Top of Exercise input
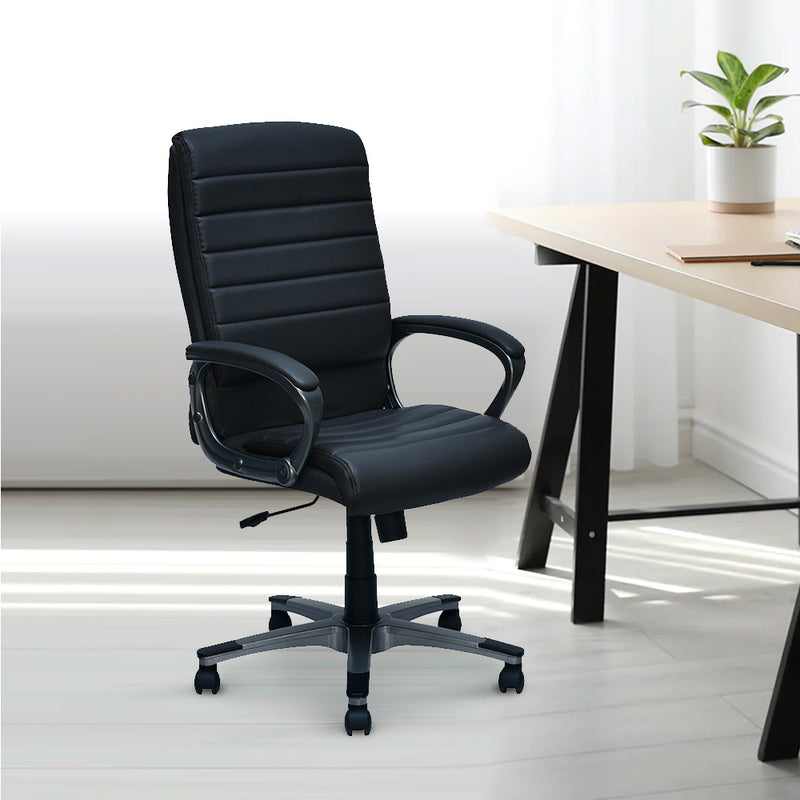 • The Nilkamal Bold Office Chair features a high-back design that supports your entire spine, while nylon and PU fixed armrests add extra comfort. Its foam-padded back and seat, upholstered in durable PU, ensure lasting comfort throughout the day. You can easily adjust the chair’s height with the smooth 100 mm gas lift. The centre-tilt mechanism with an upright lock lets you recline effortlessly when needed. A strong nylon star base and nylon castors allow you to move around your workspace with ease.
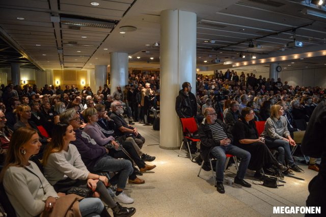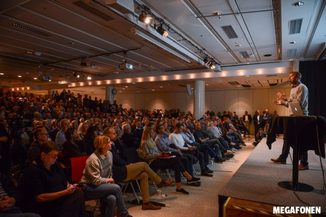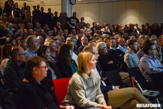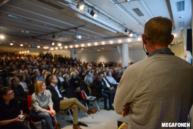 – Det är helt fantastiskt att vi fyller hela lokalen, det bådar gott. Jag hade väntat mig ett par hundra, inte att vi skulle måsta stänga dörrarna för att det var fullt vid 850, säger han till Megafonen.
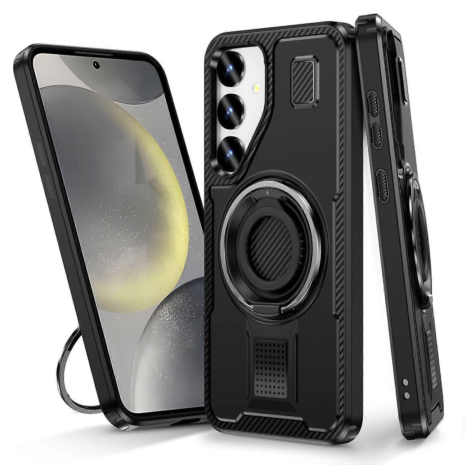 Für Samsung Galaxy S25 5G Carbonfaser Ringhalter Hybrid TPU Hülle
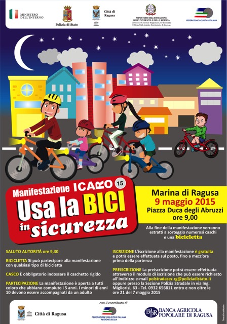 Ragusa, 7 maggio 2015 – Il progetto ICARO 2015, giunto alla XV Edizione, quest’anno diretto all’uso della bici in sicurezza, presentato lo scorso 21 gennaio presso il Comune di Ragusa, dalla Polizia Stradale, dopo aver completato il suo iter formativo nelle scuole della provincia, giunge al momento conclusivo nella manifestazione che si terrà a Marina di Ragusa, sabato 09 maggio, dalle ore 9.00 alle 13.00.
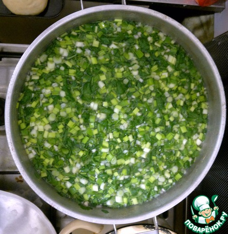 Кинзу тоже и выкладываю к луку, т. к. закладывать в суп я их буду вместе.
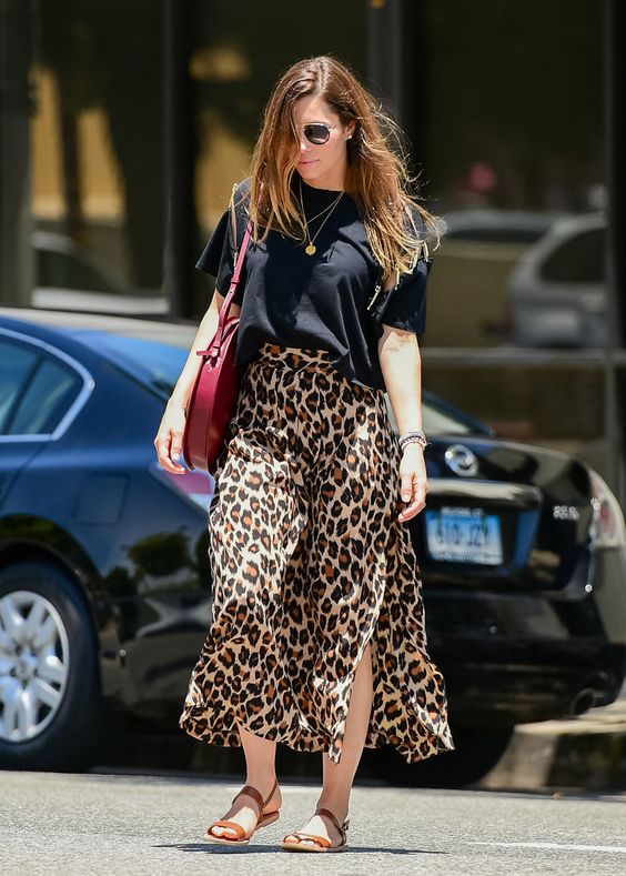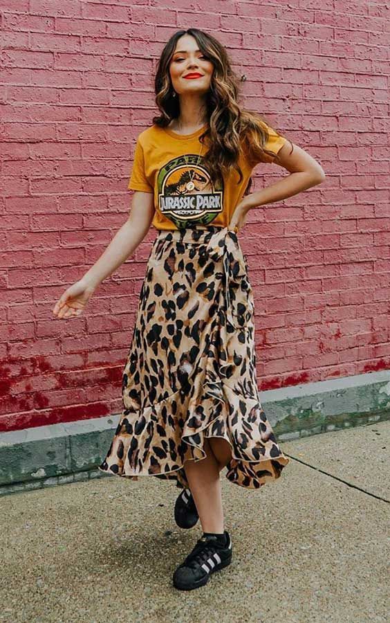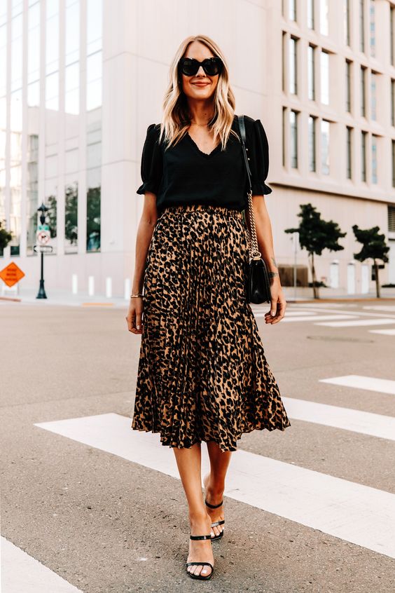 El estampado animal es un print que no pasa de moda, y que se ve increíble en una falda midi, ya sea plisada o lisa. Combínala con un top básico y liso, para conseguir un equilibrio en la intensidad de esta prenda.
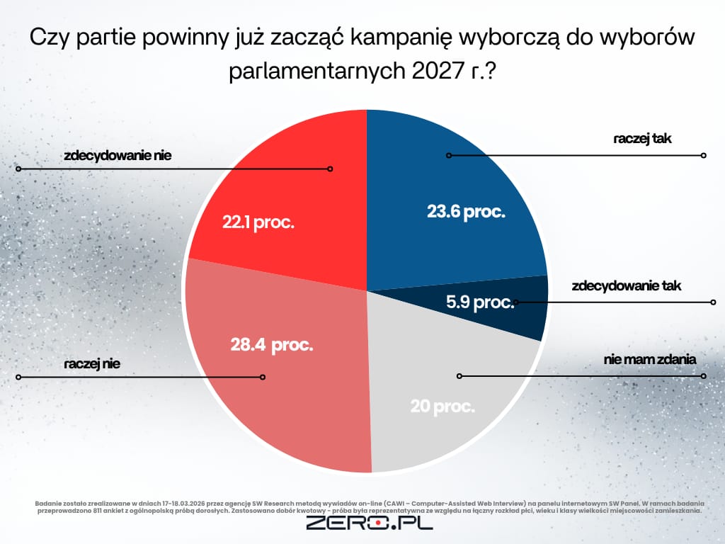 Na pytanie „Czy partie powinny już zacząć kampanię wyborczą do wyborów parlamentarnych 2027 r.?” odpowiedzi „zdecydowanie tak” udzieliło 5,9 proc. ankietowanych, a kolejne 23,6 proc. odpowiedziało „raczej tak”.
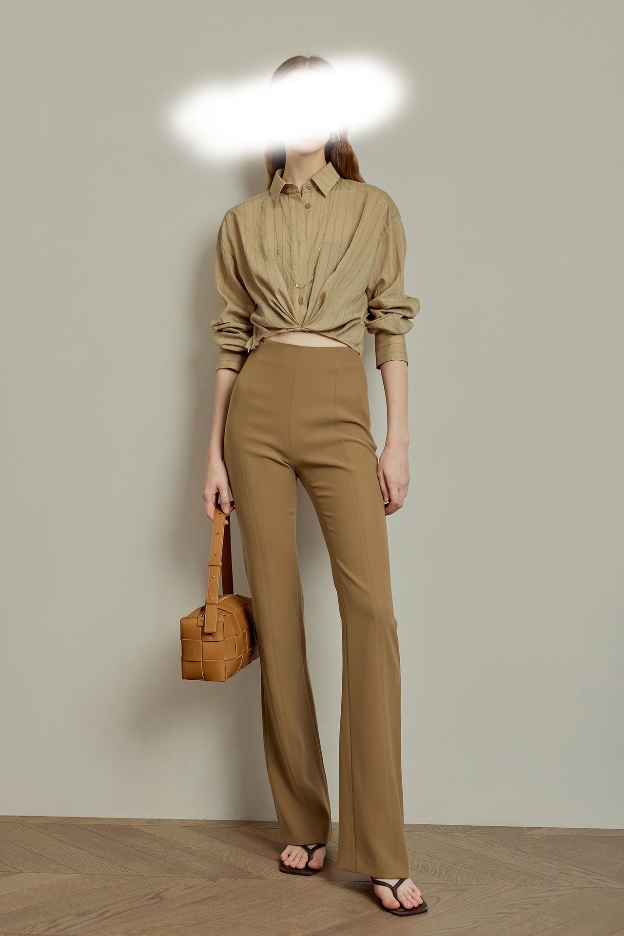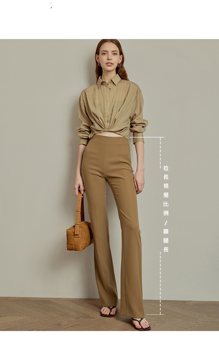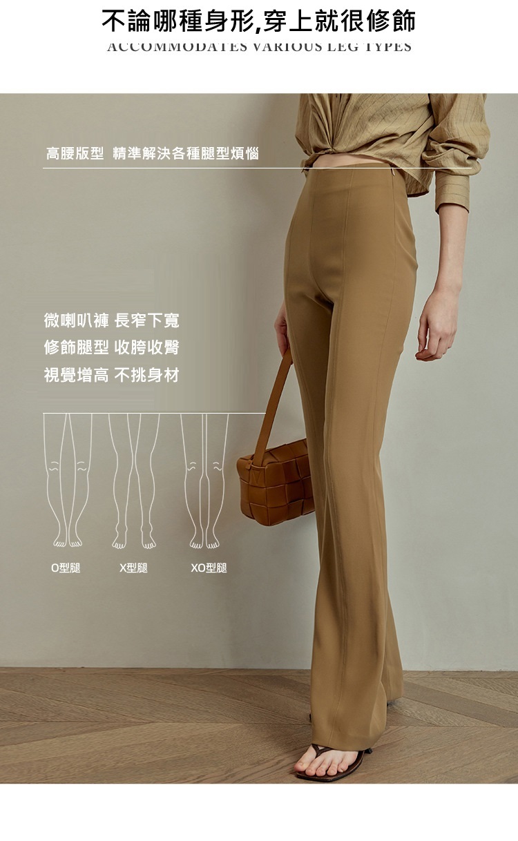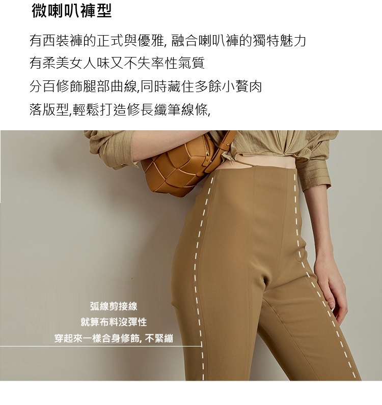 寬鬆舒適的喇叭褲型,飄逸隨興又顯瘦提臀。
Bottom of Exercise input
Required action: If an entry holds a picture, leave the picture out and repeat the rest exactly.

Problem solution:
 • The Nilkamal Bold Office Chair features a high-back design that supports your entire spine, while nylon and PU fixed armrests add extra comfort. Its foam-padded back and seat, upholstered in durable PU, ensure lasting comfort throughout the day. You can easily adjust the chair’s height with the smooth 100 mm gas lift. The centre-tilt mechanism with an upright lock lets you recline effortlessly when needed. A strong nylon star base and nylon castors allow you to move around your workspace with ease.
 – Det är helt fantastiskt att vi fyller hela lokalen, det bådar gott. Jag hade väntat mig ett par hundra, inte att vi skulle måsta stänga dörrarna för att det var fullt vid 850, säger han till Megafonen.
 Für Samsung Galaxy S25 5G Carbonfaser Ringhalter Hybrid TPU Hülle
 Ragusa, 7 maggio 2015 – Il progetto ICARO 2015, giunto alla XV Edizione, quest’anno diretto all’uso della bici in sicurezza, presentato lo scorso 21 gennaio presso il Comune di Ragusa, dalla Polizia Stradale, dopo aver completato il suo iter formativo nelle scuole della provincia, giunge al momento conclusivo nella manifestazione che si terrà a Marina di Ragusa, sabato 09 maggio, dalle ore 9.00 alle 13.00.
 Кинзу тоже и выкладываю к луку, т. к. закладывать в суп я их буду вместе.
 El estampado animal es un print que no pasa de moda, y que se ve increíble en una falda midi, ya sea plisada o lisa. Combínala con un top básico y liso, para conseguir un equilibrio en la intensidad de esta prenda.
 Na pytanie „Czy partie powinny już zacząć kampanię wyborczą do wyborów parlamentarnych 2027 r.?” odpowiedzi „zdecydowanie tak” udzieliło 5,9 proc. ankietowanych, a kolejne 23,6 proc. odpowiedziało „raczej tak”.
 寬鬆舒適的喇叭褲型,飄逸隨興又顯瘦提臀。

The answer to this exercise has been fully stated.